Ryan Calo is an American legal scholar, internationally recognized within the fields of emerging technology, especially privacy, robotics, and artificial intelligence. He is a co-founder of the University of Washington Tech Policy Lab and the Center for an Informed Public which focuses on combating misinformation.

Education and career
Calo studied philosophy at Dartmouth College, then moved into a role investigating allegations of police misconduct in New York City. After graduating from law school at University of Michigan, he worked for R. Guy Cole Jr., and on privacy and administrative law in the D.C. office of Covington and Burling, LLC.

At Stanford Law School, he directed privacy and robotics research at the Stanford Center for Internet and Society, and founded the Legal Aspects of Autonomous Driving initiative.

He eventually advanced to faculty member at the University of Washington, where he holds multiple positions. He holds the Lane Powell and D. Wayne Gittinger Endowed Professorship at the School of Law; a Professor at the Information School; and an Adjunct Professor at the Paul G. Allen School of Computer Science and Engineering. His work in robotics and cyberlaw was the focus of an article in Science magazine that highlighted the research behind his paper "Robots and the Lessons of Cyberlaw" as well as a report he created for the Brookings Institution.

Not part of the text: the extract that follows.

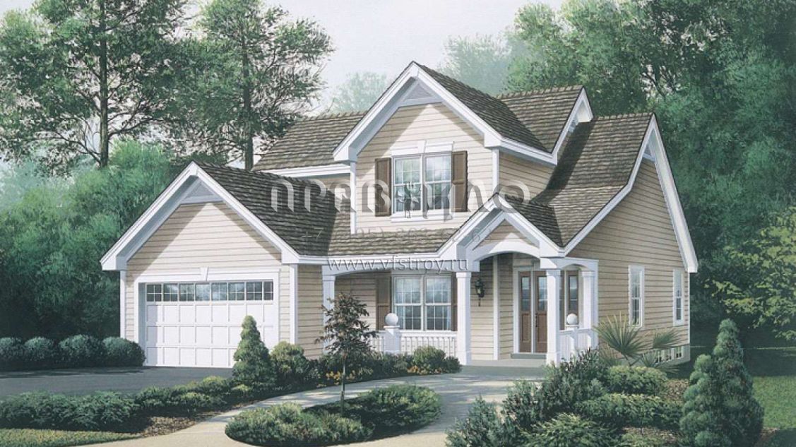 Проект двухэтажного дома с гаражом на две машины в стиле Ранчо S5-207 (5633-00101)

He is a founding co-director of the Tech Policy Lab, a unique, interdisciplinary collaboration at the University of Washington; and is co-founder of the Center for an Informed Public, a collaborative whose mission is to resist strategic misinformation, promote an informed society, and strengthen democratic discourse.

Calo chaired a University-wide task force on technology and society from fall 2021 to June 2022, and served as chair for the We Robot Conference 2022 when it was hosted by the University of Washington.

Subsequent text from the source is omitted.